**Supplied information**

=====

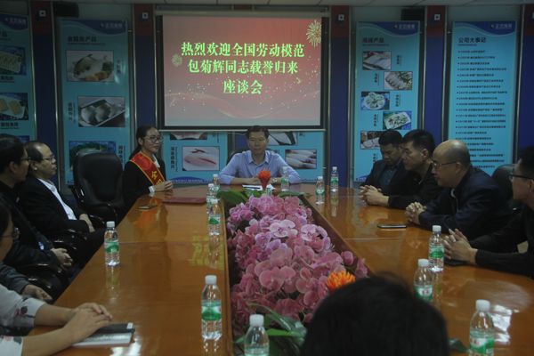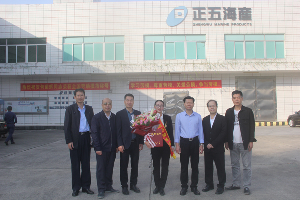 11月27日上午,正五集團(tuán)公司熱烈歡迎“全國勞動模范”包菊輝同志載譽(yù)歸來。集團(tuán)公司董事長黃禮雄帶領(lǐng)集團(tuán)總經(jīng)辦成員及各公司負(fù)責(zé)人、部門經(jīng)理在正五海產(chǎn)公司廣場熱烈歡迎。
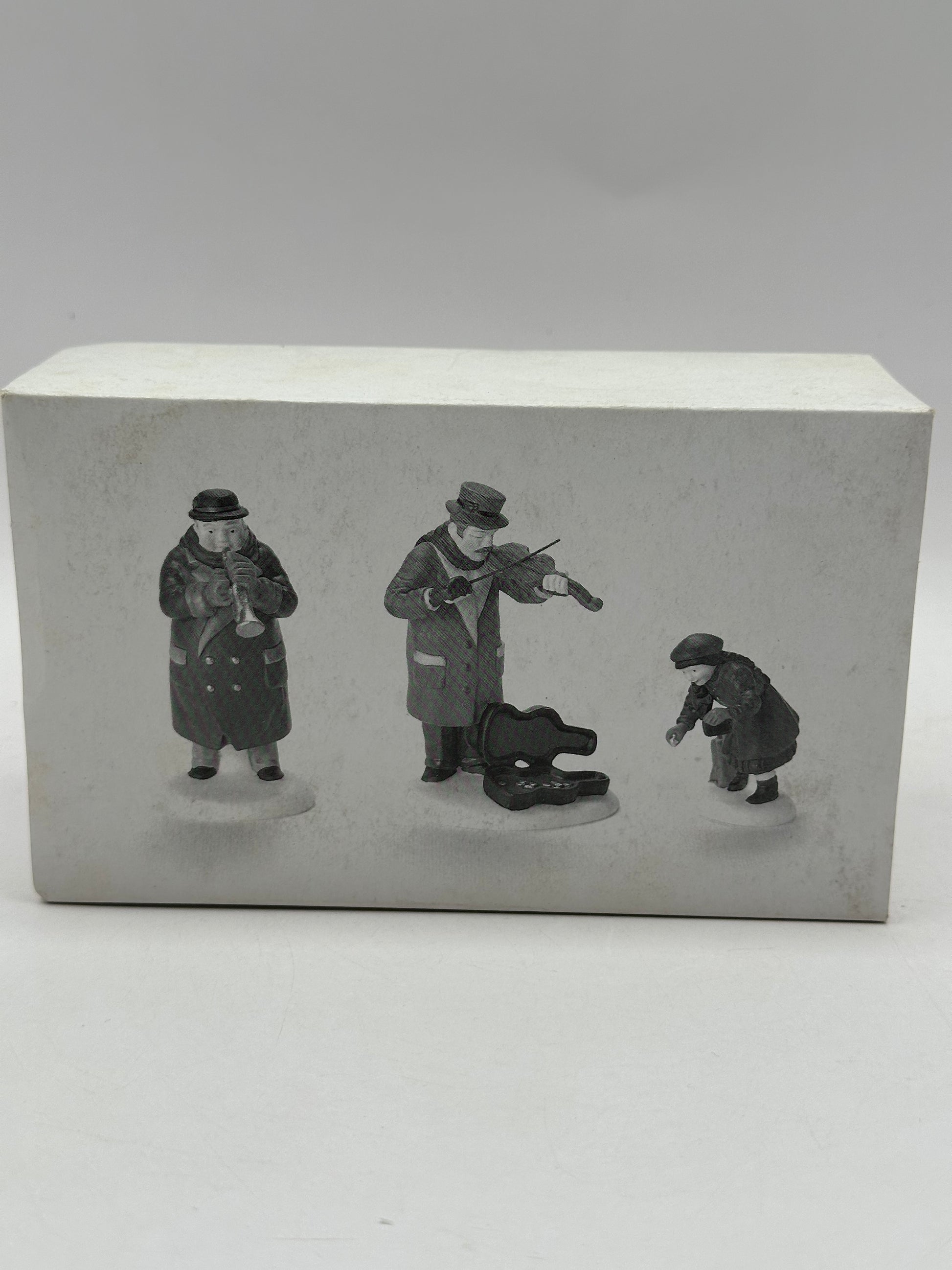 Bring the sounds of the season to your village with this charming trio of street performers. Featuring a trumpet player, a violinist, and a young girl dropping coins into an open case, this set captures the warmth and spirit of holiday busking. A wonderful way to add life and festive cheer to your Christmas in the City display!
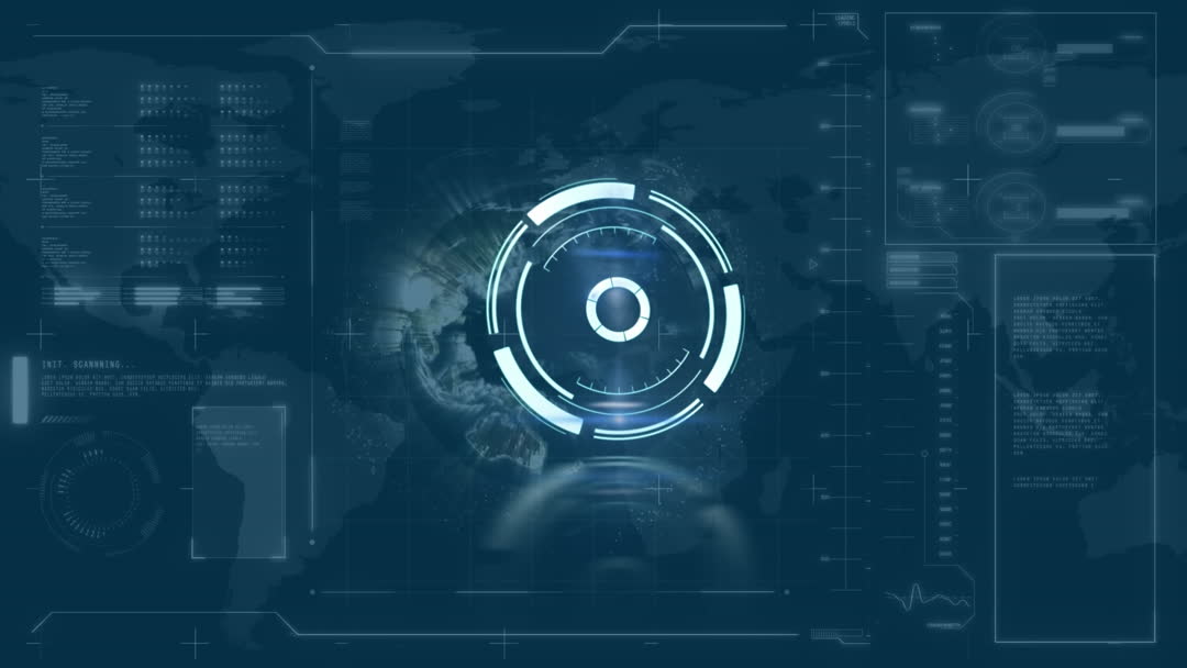 This visual showcases a futuristic digital interface with a focus on global data scanning processes. Icons of data analytics overlay a map, suggesting advanced technology and connectivity in cybersecurity and data-processing sectors. Suitable for illustrating technology concepts, fintech presentations, and digital transformation marketing materials.

=====

**What is being asked**
Once the pictures are set aside, give the rest of the listing again exactly.

**Your solution**
 11月27日上午,正五集團(tuán)公司熱烈歡迎“全國勞動模范”包菊輝同志載譽(yù)歸來。集團(tuán)公司董事長黃禮雄帶領(lǐng)集團(tuán)總經(jīng)辦成員及各公司負(fù)責(zé)人、部門經(jīng)理在正五海產(chǎn)公司廣場熱烈歡迎。
 Bring the sounds of the season to your village with this charming trio of street performers. Featuring a trumpet player, a violinist, and a young girl dropping coins into an open case, this set captures the warmth and spirit of holiday busking. A wonderful way to add life and festive cheer to your Christmas in the City display!
 This visual showcases a futuristic digital interface with a focus on global data scanning processes. Icons of data analytics overlay a map, suggesting advanced technology and connectivity in cybersecurity and data-processing sectors. Suitable for illustrating technology concepts, fintech presentations, and digital transformation marketing materials.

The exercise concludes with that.